This is working wonders for me. I know it is not just one thing either. I have seen "steps" of improvement as I have added each. The L-Glutamine seemed to bug my tummy at first the first 2 days or so, then it stopped. I noticed a large improvement when I added the magnesium, then even more when I took out the fiber, and more when I added the GABA & L-Glut.

To me the magnesium is huge in helping with the spasms, I had read low dose when absorbed through the colon it actually calms it, and helps restore normal contractions. Thing is if I was not on the Levbid I could not take it. Even with Levbid twice daily (which would block me up in just a few days alone) I still get some runs here and there in the morning because of the Magnesium. But if you are on Levbid, Levsin, or even Bentyl you should be good to take it. Even 1 daily would help I'd think, I take 3. If you are C prone IBS with cramps or spasms I'd be all over daily 400mg Magnesium Citrate.

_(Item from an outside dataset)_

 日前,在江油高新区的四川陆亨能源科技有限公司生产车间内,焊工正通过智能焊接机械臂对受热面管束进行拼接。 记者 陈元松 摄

As a final testament to my morning supplements.... on the weekends I am bad, I tend to sleep in. If I do not eat I get pain.. so usually get up do my meds, then 30 mins protein shake, then back to sleep. Sunday AM I didn't.. just slept.. til 11:30. Woke up hungry and hurting (you now where). Swallowed my morning pills... within 15-20mins pain had subsided, but was hungry and needed to eat, but not in pain. In the past if I allowed this to happen I would be in full spasms.

Anyway... that's where I am now.. well that and 55 lbs lighter. Update you all after the beach trip.

Ray


----------



## Leo41 (Dec 13, 2010)

Hello all.... I have another update to post...

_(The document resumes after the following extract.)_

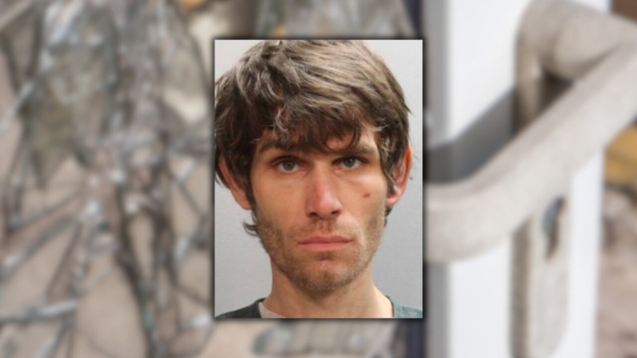 He was arrested on February 6th, according to JSO jail logs, after being observed breaking the front door of that location the same way.

Well the beach trip has come and gone and here is what happened....

I was concerned (of course ) about how it was going to go down, basically the scenario was... a 13 hour drive in a rental car with my daughter (15) to the beach in Maryland. Staying at a small beach motel, and visiting with family who live there for 10 days, then return 13hr drive. During the plans of course were fun and excitement in the ocean, on the beach (with no restrooms anywhere close), walks on the boardwalk in and out of shops, rides, games, etc.

Now I have done all this before with IBS over the last 2 years but there are some differences now. My symptoms have NEVER been as bad as this year. All that is listed above so I assume anyone reading this knows the history being this deep in the thread. Each of the last 2 years I had issues... 5-8 stops, some over 45mins on the toilet last year as a flare nailed me 2 hours into the trip. 1 day I stayed in the room, and a few nights from pain and D. At this time I did not know I had IBS, had no medicine or any knowledge how to manage this.

So that said I was not overly concerned this year as the symptoms are much more managed now with what I have learned and what I take. I did make the decision to come off the Align-generic probiotics that had been doing well, just because I did not want to risk them turning against me.

The drive up I had premade oatmeal, and my trusty whey protein and milk (yes I know diary but the stuff gives me no problems), and ALL my meds and supplements. The drive was no issue, no pain, no issues. The complete list above in this post is my supplement and med routine... this was continued exactly the whole trip.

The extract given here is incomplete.